The one thing every great Batman writer agrees on is that the DC hero is versatile. “You can do the comedy Batman,” Grant Morrison said in 2013, “You can do the camp Batman. You can do the super-serious, dark, existential Batman. You can do the adventure Batman. You can do the detective Batman. You can do the street crime Batman. You can do the fantasy Batman. You can do the superhero Batman. The character bends and is able to do it all.”

And if Batman works in any kind of story, there must be a Batman story for every person. As Polygon’s Batman expert, I wanted to prove the theory.

Six Polygon staffers volunteered to serve as test subjects by telling me what they, personally, would like to see come to the fore in a Batman story. From those questions, I have crafted seven bespoke bat-recommendations.

Maybe there’s even a book in here … for you.

A much more human Batman

Tasha Robinson: OK, Susana, I admit I’m mostly a sucker for an iconic creature-of-the-night Batman who barely ever seems to pry himself out of the costume, and who seems to represent some primal aspect of Gotham more than actually being a man.
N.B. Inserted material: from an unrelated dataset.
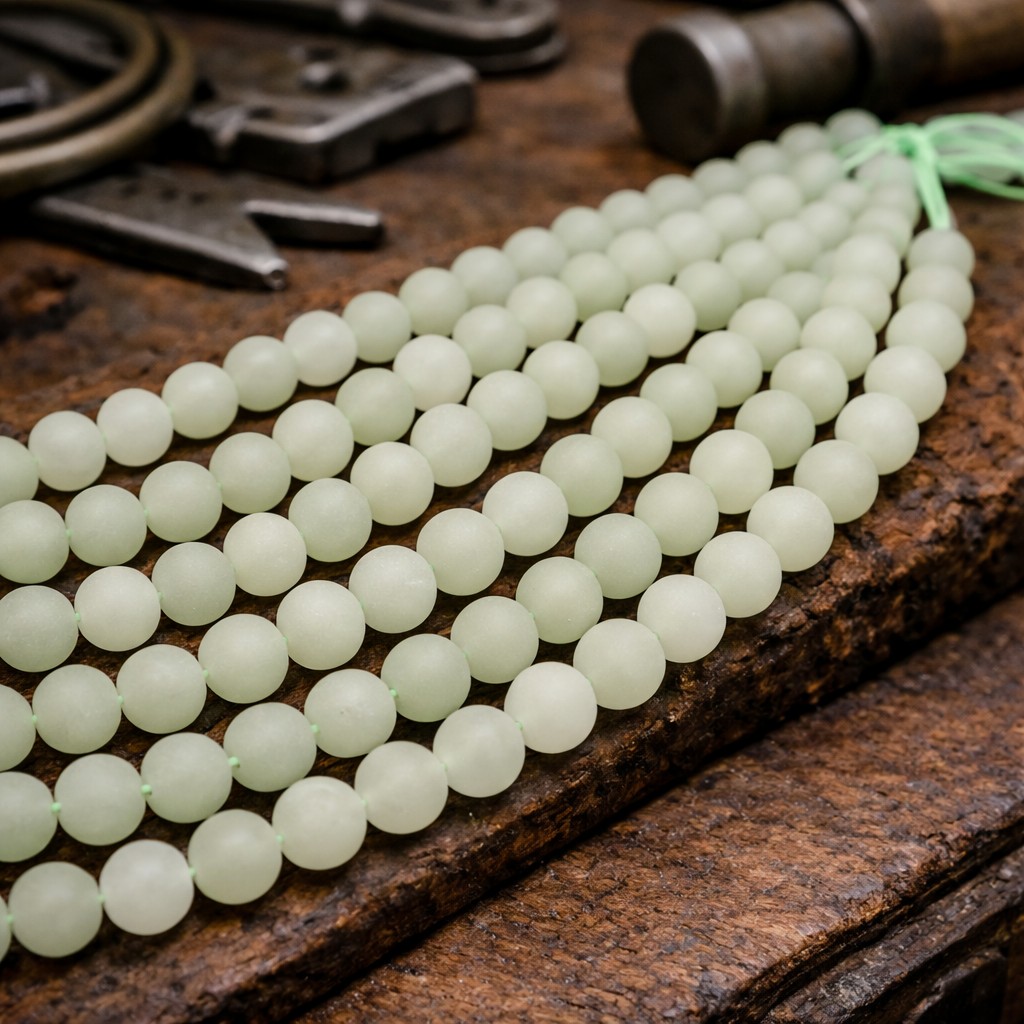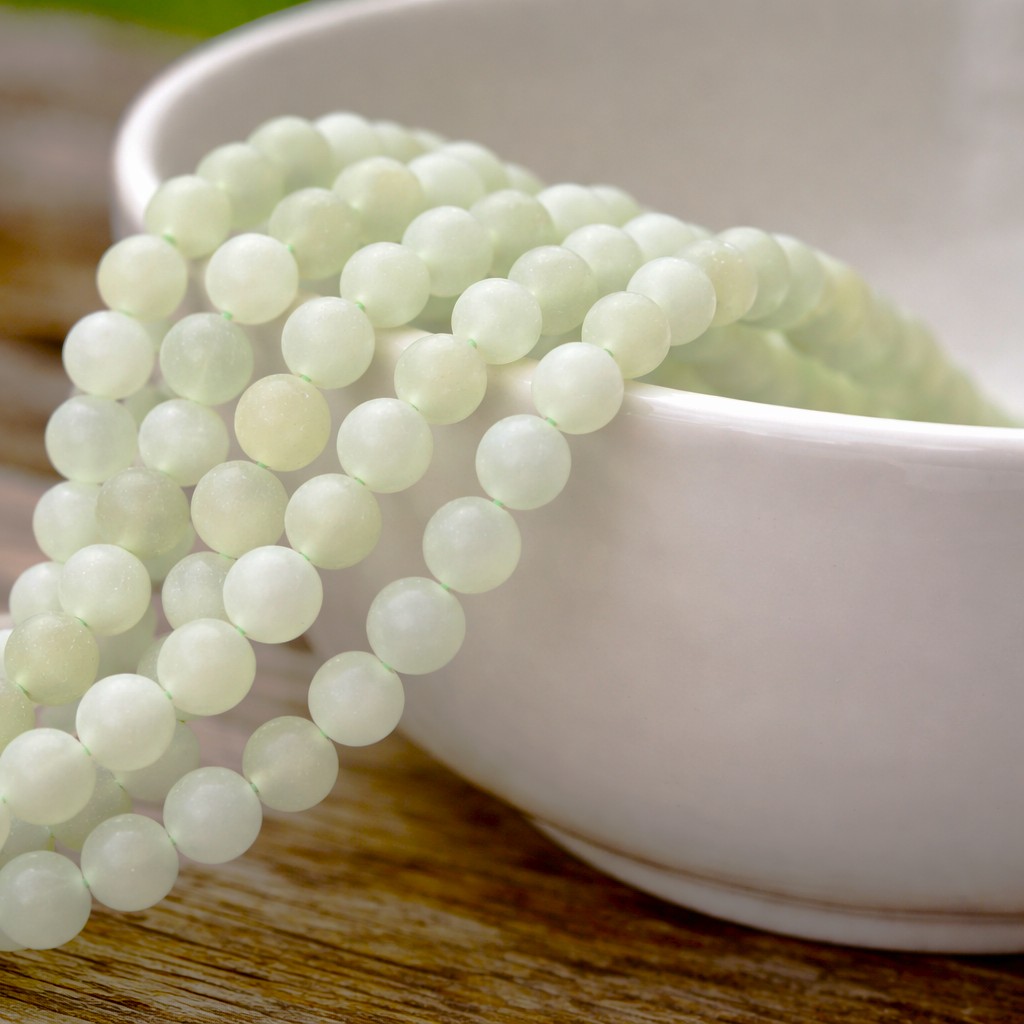 Zartgrüner matter gefrosteter Aventurin Perlenstrang 8 - 8,5 mm (ca. 45 Perlen / ca. 38 cm Länge)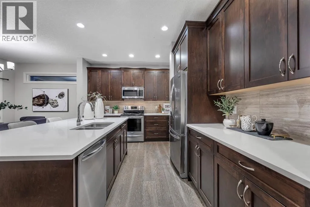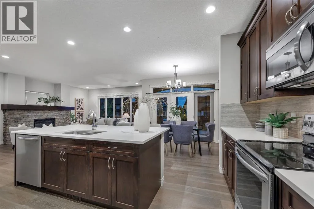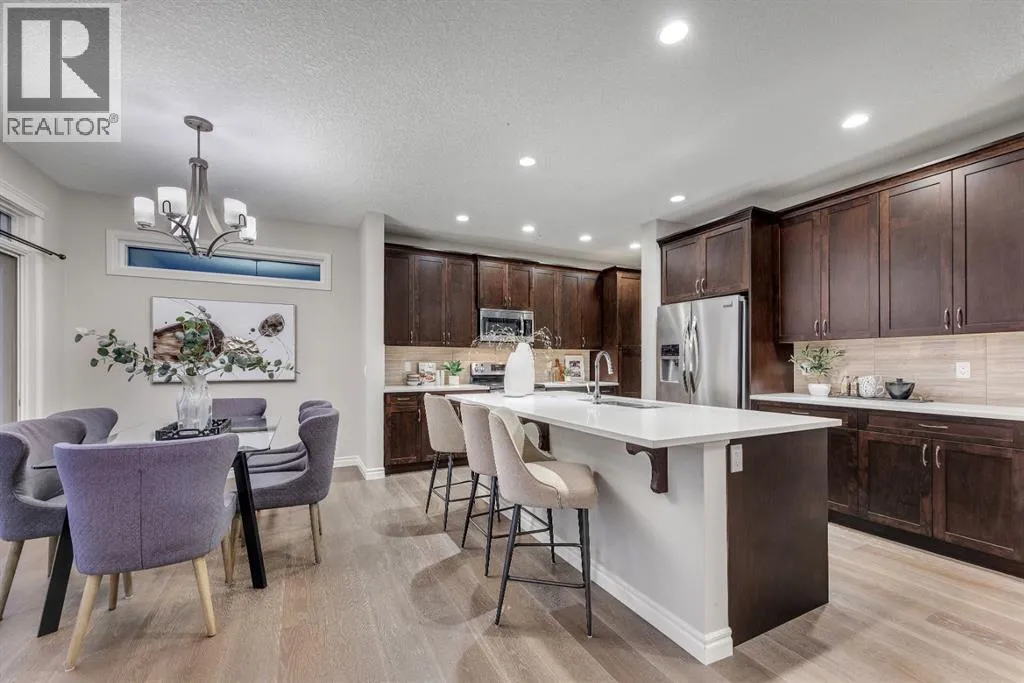 Step into this stunning 4-bedroom Trico built walkout home, offering over 3,300 sq ft of developed living space, and backing directly onto a peaceful pathway with direct access to the Mahogany wetlandsâproviding rare privacy and scenic views right in your own backyard. The fully fenced yard and elevated balcony make it easy to enjoy your morning coffee or take in breathtaking evening sunsets while overlooking one of the most desirable natural landscapes in the city. Inside, a grand front entry leads into a bright, open-concept main floor where expansive windows flood the kitchen, dining, and living areas with natural light. A central fireplace serves as a cozy focal point of the living room, while the kitchen features a quartz countertop island, generous counter space, and direct access to the upper balcony for effortless indoor-outdoor living. A smart walkaround layout connects seamlessly to the mudroom, attached garage, and convenient half-bath. Throughout the main floor, engineered hardwood flooring enhances the sense of flow and style. Upstairs, you'll find a spacious bonus room ideal for a media area or playroom, along with two additional bedrooms that share a full bath. The standout is the luxurious primary retreat, complete with high tray ceilings, a spa-inspired ensuite featuring a soaker tub, walk-in shower, double vanity, and a large walk-in closet. The fully finished walkout basement has been newly developed with modern style ~ which offers even more living space, including another generous great room with direct access to the backyard and the serene private pathway beyond which takes you through the various nature setting wetlands. You will also find a spacious additional bedroom with outdoor access, a 3-piece bathroom, and a built-in bar areaâperfect for entertaining. For further comfort and convenience, the home has dual air-conditioning, perfect for year-round comfort! Located in the vibrant lake community of Mahogany, you can enjoy exclusive access t o beaches, swimming, paddleboarding, and year-round recreation with skating as a winter seasonal hi light. With top-rated schools, shops, restaurants, and a lively community center nearby, Mahogany offers the perfect blend of nature, luxury, and convenience. (id:27476)

I’m thinking of things like Grant Morrison’s Arkham Asylum here, or Scott Snyder’s Court of Owls arc, or Batman on Young Justice, where he just hovers in the background being inscrutable and the Ultimate Adult in a show mostly about younger heroes figuring themselves out.

But there’s so much of that out there, and it seems to be the mode he operates in throughout the biggest and most popular comics stories, as well as in a lot of the movies, including The Batman. I’d like you to point me to a comics arc that’s much more interested in the human side of Bruce Wayne — especially if it isn’t primarily a romantic story, because I just don’t care Who Bangs The Bat anymore. Give me a story that does actually care about what Bruce does or who he is when he isn’t punching people, or only vaguely pretending to be human so he doesn’t blow his secret identity. Can you recommend something that gives Batman internality beyond the usual broody/moody ponderings over crime-fighting methods and the need for vengeance?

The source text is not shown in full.